Tom Cairns

Personal information
- Nationality: British (Northern Irish)
- Born: c.1939

Sport
- Sport: Athletics
- Event(s): Long jump, triple jump
- Club: Short and Harland AC Albert Foundry AC

= Tom Cairns (long jumper) =

Northern Irish athlete

Thomas Cairns (born c. 1939) is a former athlete from Northern Ireland, who represented Northern Ireland at the British Empire and Commmonwealth Games (now Commonwealth Games).

== Biography ==
Carins attended Belfast Royal Academy and was a member of the Short and Harland Athletic Club before he joined the Albert Foundry Athletics Club in Belfast.

He won the long jump title at the 1958 Summer Athletic League trophy meeting but was stronger in the triple jump, winning the championship of Northern Ireland in June 1958. Shortly afterwards he jumped 46ft 5ins, which nearly broke the 24-year-old record set by Eddie Boyce in 1934.

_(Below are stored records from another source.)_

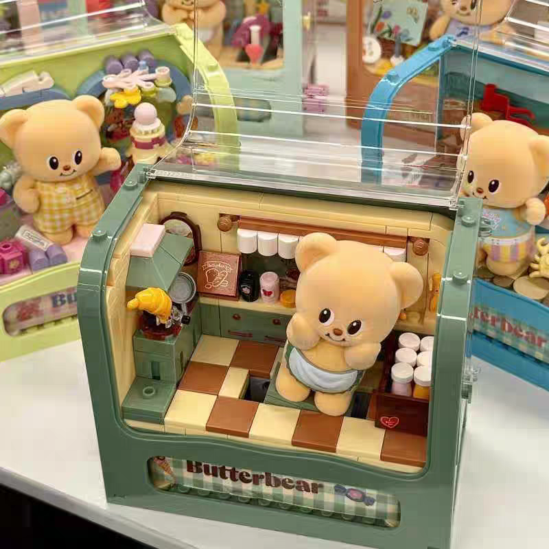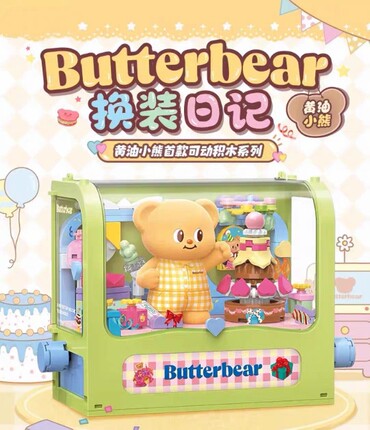 正版 黄油小熊盲盒换装日记积木拼装益智玩具手办女礼物公仔摆件
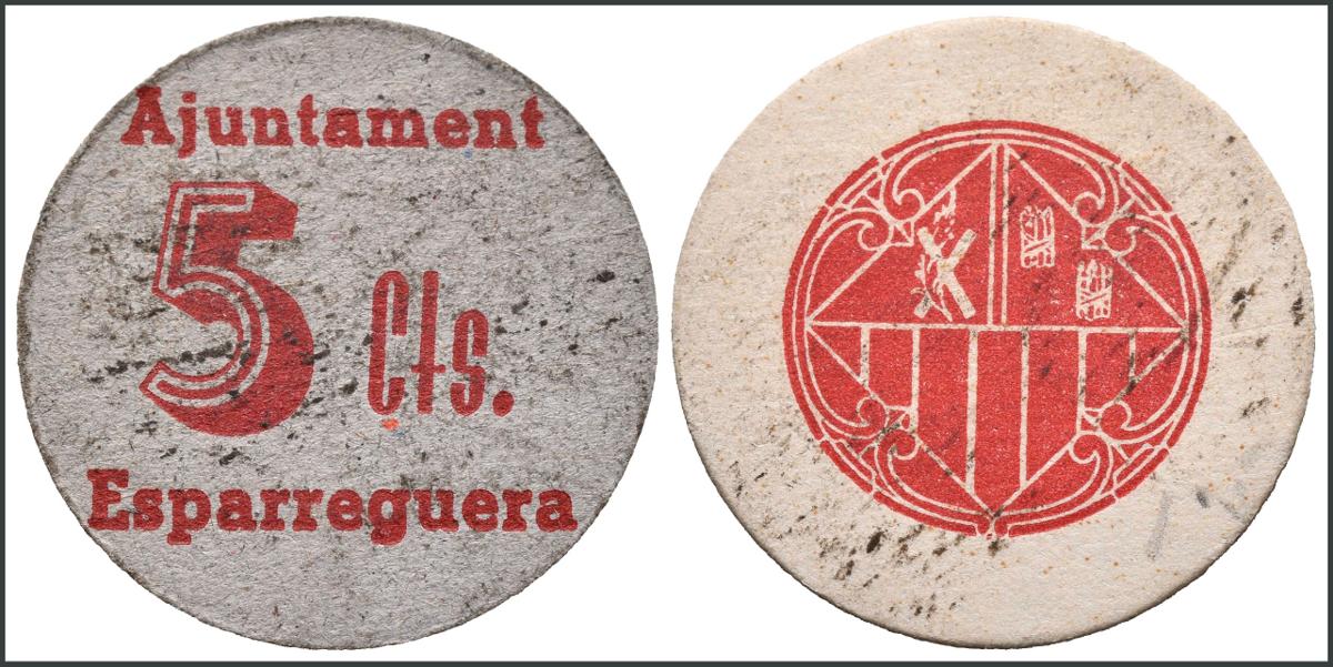 ESPARREGUERA (BARCELONA). 5 Céntimos. (1938ca). (González: 7755). Muy raro. EBC.
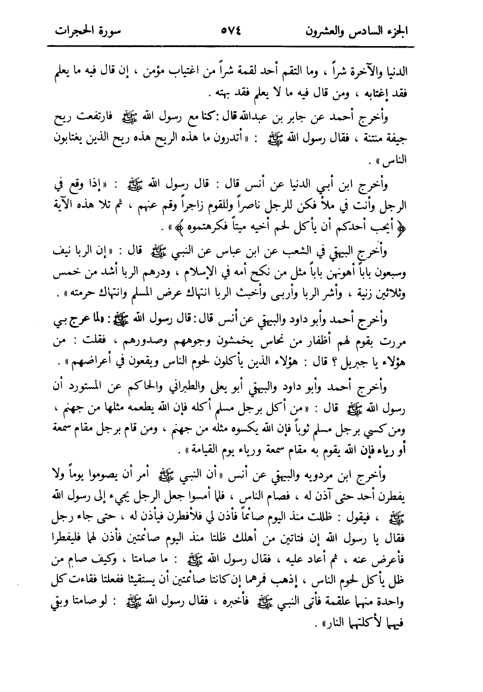 وَأخرج أَحْمد عَن جَابر بن عبد الله قَالَ: كُنَّا مَعَ رَسُول الله صلى الله عَلَيْهِ وَسلم فارتفعت ريح جيفة مُنْتِنَة فَقَالَ رَسُول الله صلى الله عَلَيْهِ وَسلم: أَتَدْرُونَ مَا هَذِه الرّيح هَذِه ريح الَّذين يغتابون النَّاس
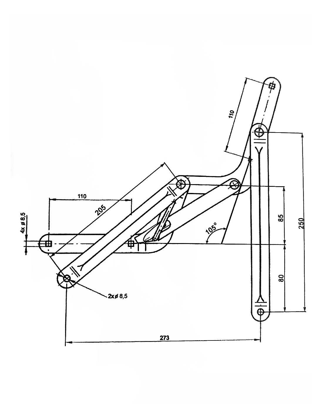 Curved arms 170-115, width: 25 mm, distance between holes: 110 mm

Cairns was named by the Northern Ireland AAA in the final 1958 Northern Irish Team for the forthcoming Empire and Commonwealth Games. He subsequently competed at the 1958 British Empire and Commonwealth Games in Cardiff, Wales, participating in the two athletics events; the triple jump and long jump.

Cairns attended Queen's University Belfast and was the 1959 Irish triple jump champion. Cairns also played for rugby and was captain of the British Thomson-Houston team.